Performance | Courtly Performances | Early Baroque | Classical

In the first part of the seventeenth century, two traditions of absolute power were struggling to maintain their hold. In England, after the death of Elizabeth I in 1603, the Stuart dynasty fought for survival for 40 years. Then the dream crumbled in the face of civil war and the execution of the king, Charles I, in 1649.

Eleven years later Charles II was restored to the throne and proceeded with absolute rule in England and Scotland; James II followed the same route until he was driven out in 1688. In France the chronology was reversed: 50 years of turmoil following the assassination of Henri IV in 1610 were ended in 1661 when Louis XIV seized absolute power.

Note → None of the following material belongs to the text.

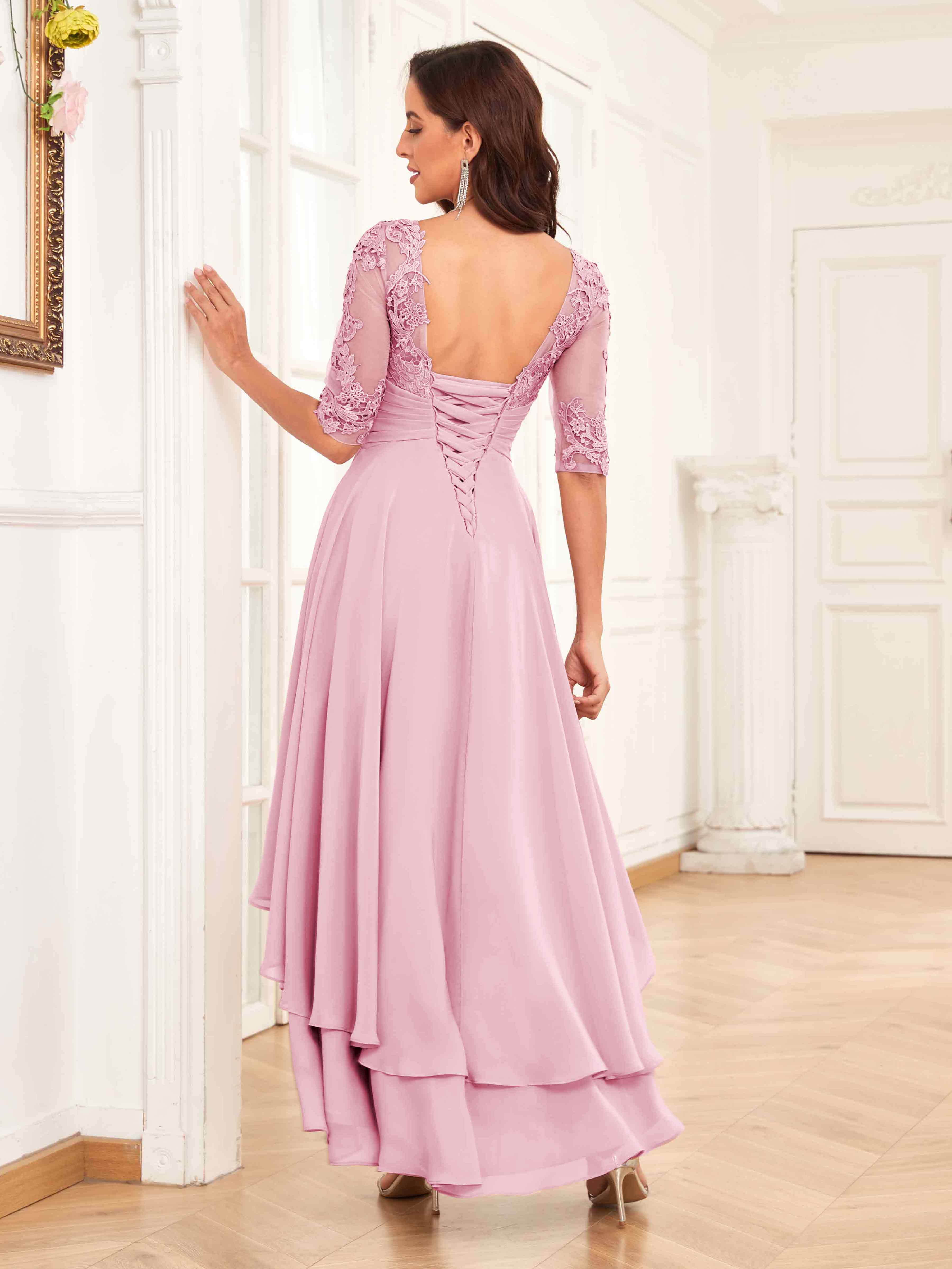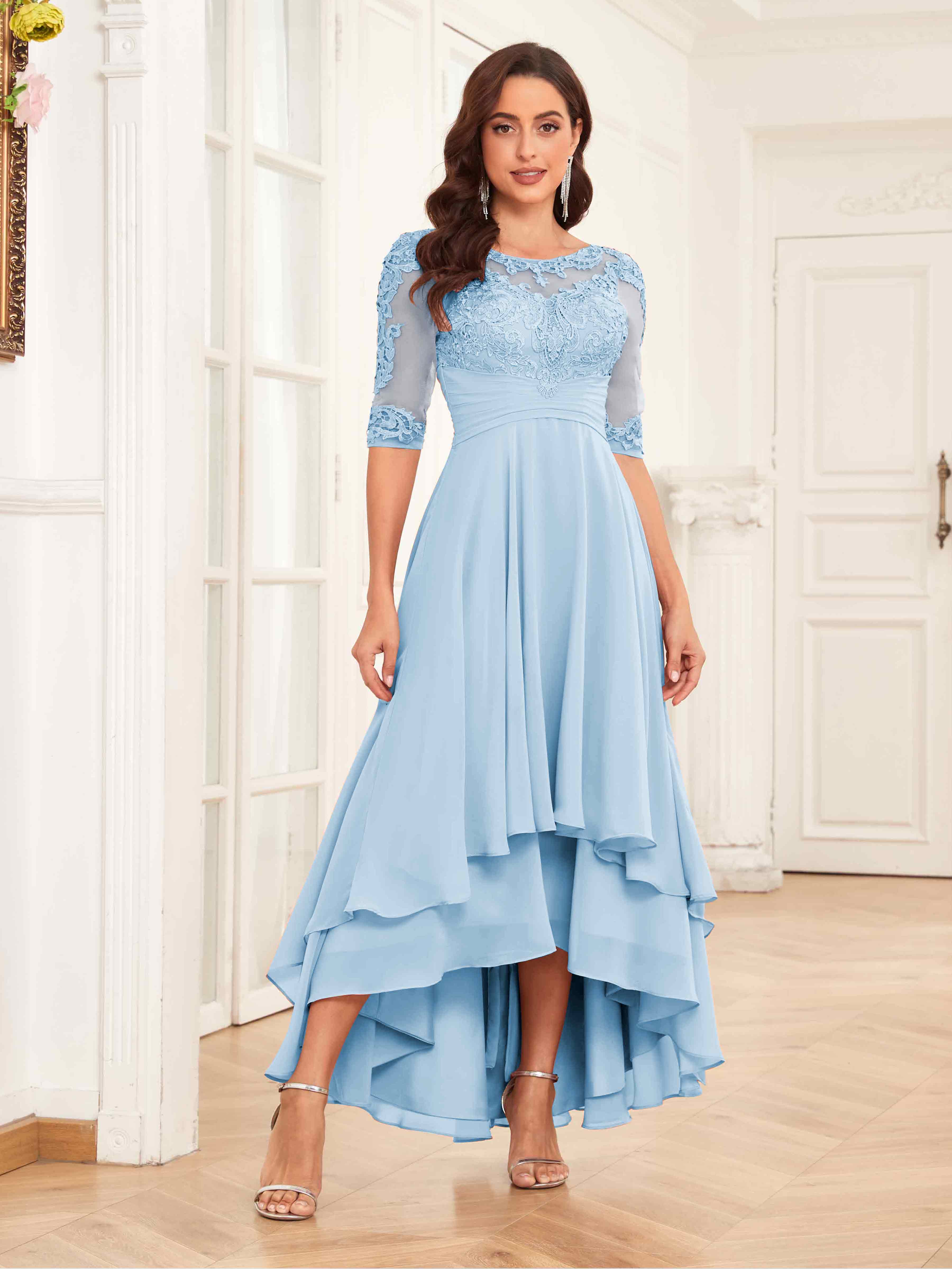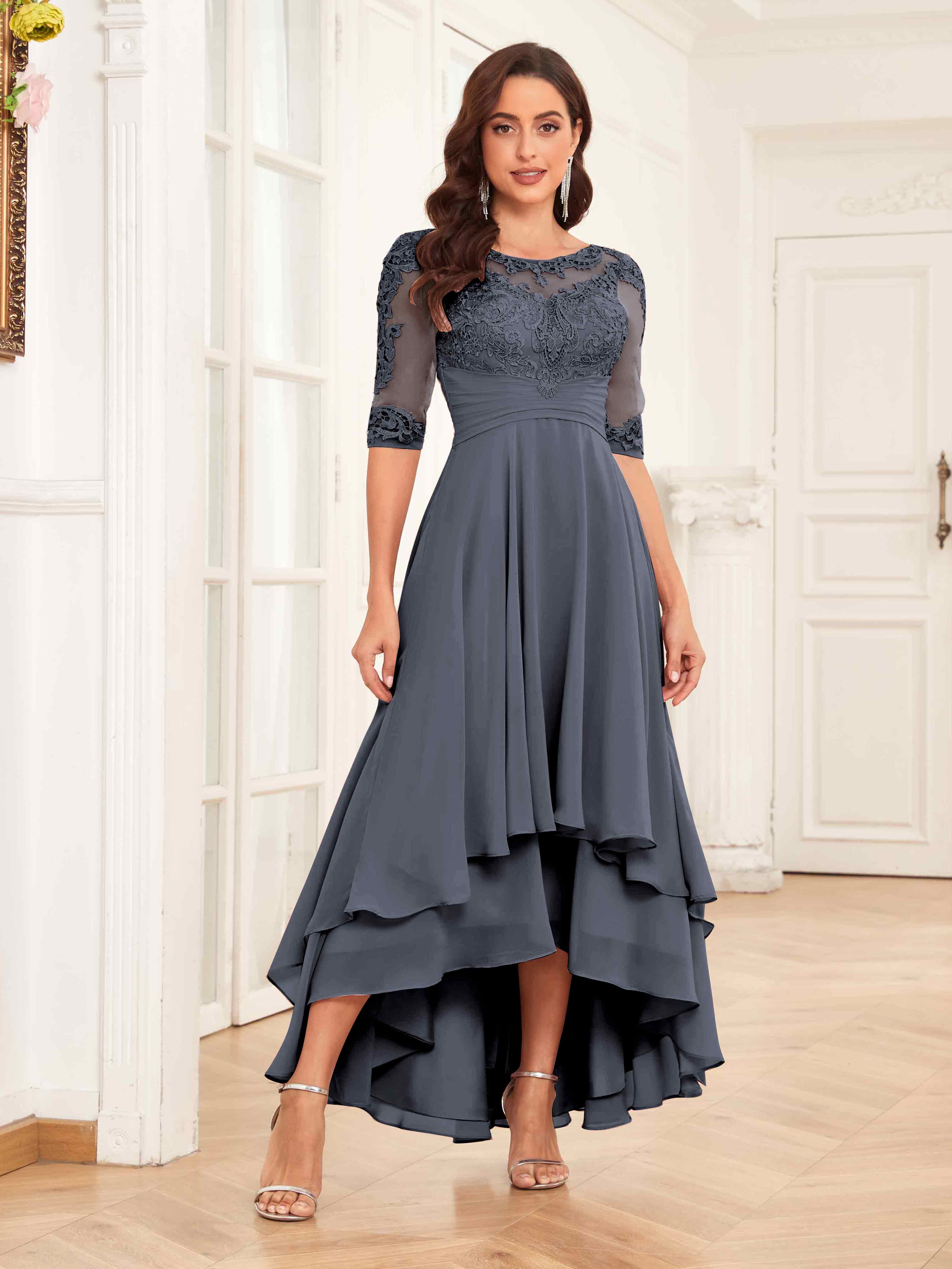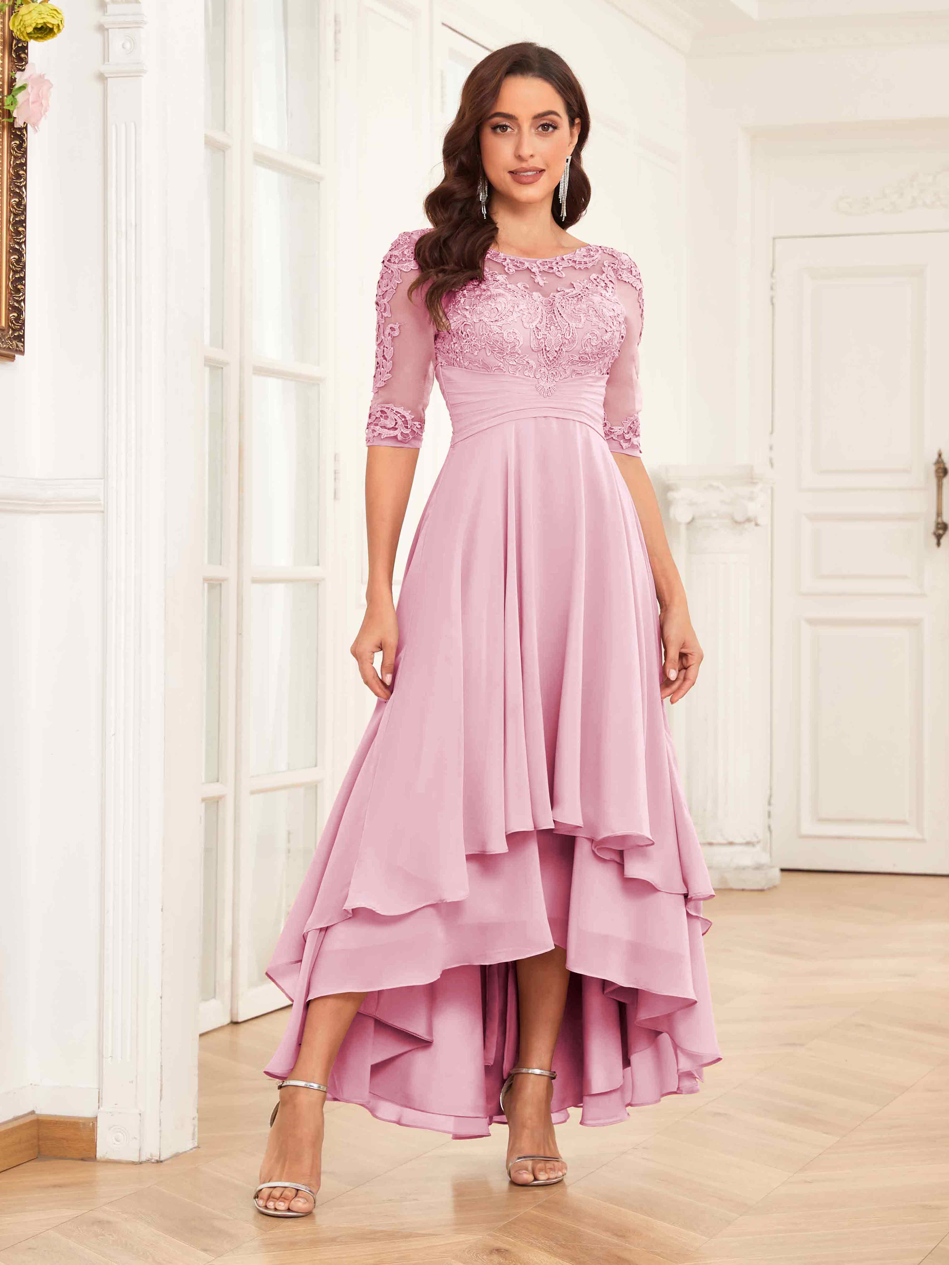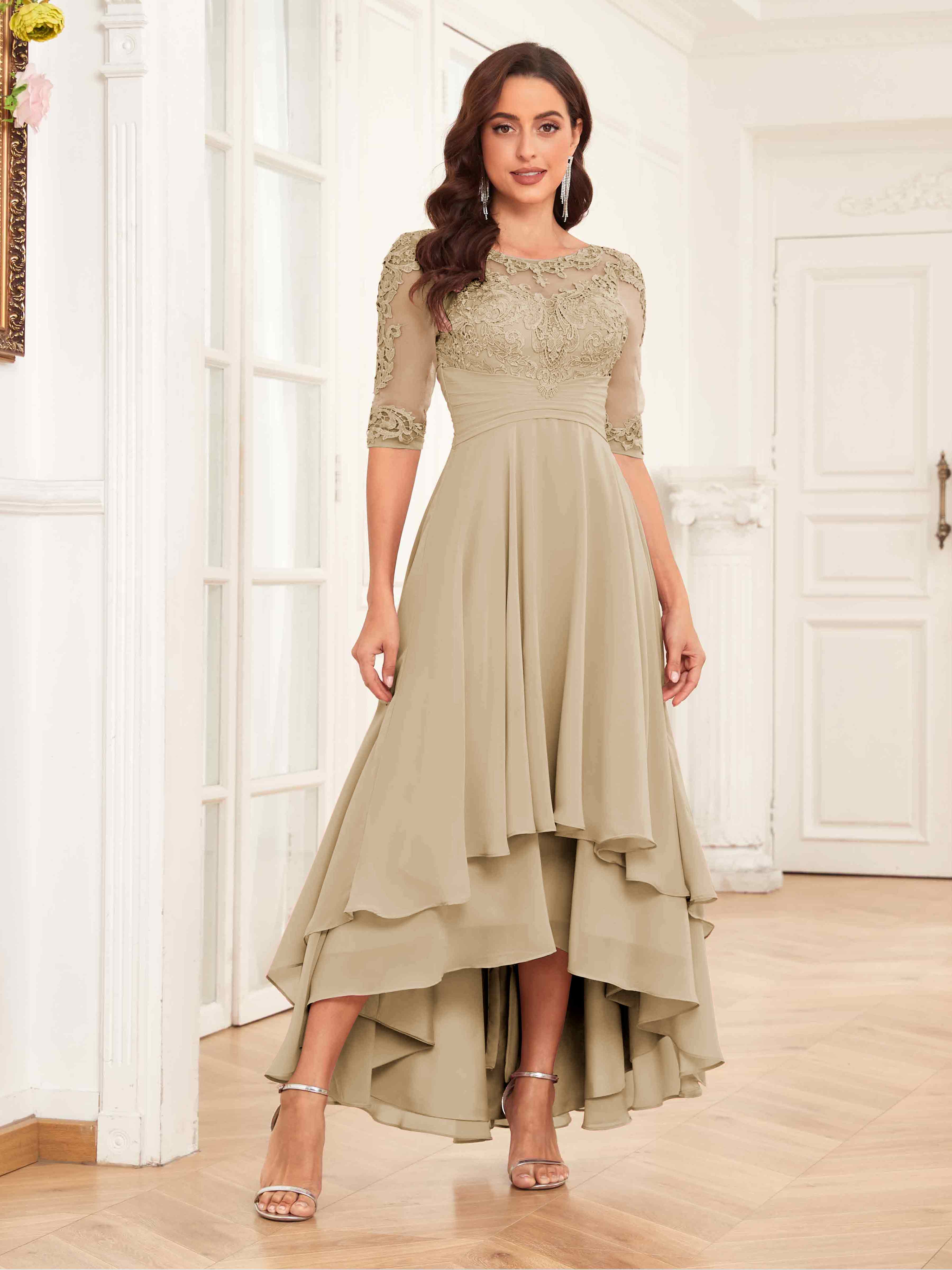 Adelaide Modern Illusion High Low Mother of the Bride & Groom Dresses with Half Sleeves
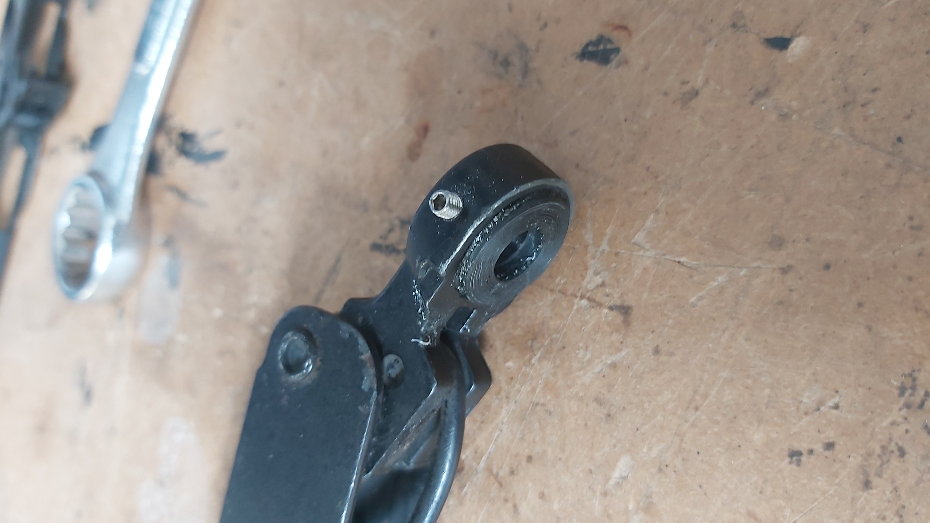 Drill out the spindle hole on the arm to 10mm then bond in the insert.

Both the Stuarts and Louis XIV took a cue from sixteenth-century Italian rulers in making musical theatre a tool of power. The English masque and the French ballet de cour brought together the finest writers, composers, performers and artists the countries had to offer. But whatever the genres’ artistic merits, their raison d’etre was the glorification of the ruling class, in particular the king. The masque’s loosely constructed plots were designed to allow frequent oblique reference to contemporary politics: Britannia triumphans (‘Britain Triumphant’, 1638), for example, included remarks supporting recent policy decisions and ridiculing the Puritans. Similarly, Louis’ insatiable need for pageantry was met by plot structures that allowed mythological stories to be fitted loosely around the central theme of the king’s majesty. An engraving survives that shows him performing in the Ballet du Roy des Festes de Bacchus (‘The King’s Ballet on the Feast of Bacchus’, 1651) as the god Apollo, a role that inspired Louis’ epithet of ‘Sun King’.

Audience Participation

Both genres also included audience participation. In England the bulk of the work was performed by courtiers, offering them the chance to dress up and be noticed. In the Masque of Blackness (1605), the queen and some of her ladies masqueraded as the daughters of Niger. Audience participation could itself be an instrument of power: in the ballet de cour it was reserved for the final grand ballet, and Louis used this opportunity not only to show off his own excellent dancing skills, but also to impose what must have been a nearly paralysing authority over many of his closest courtiers who were lucky enough to be invited to participate.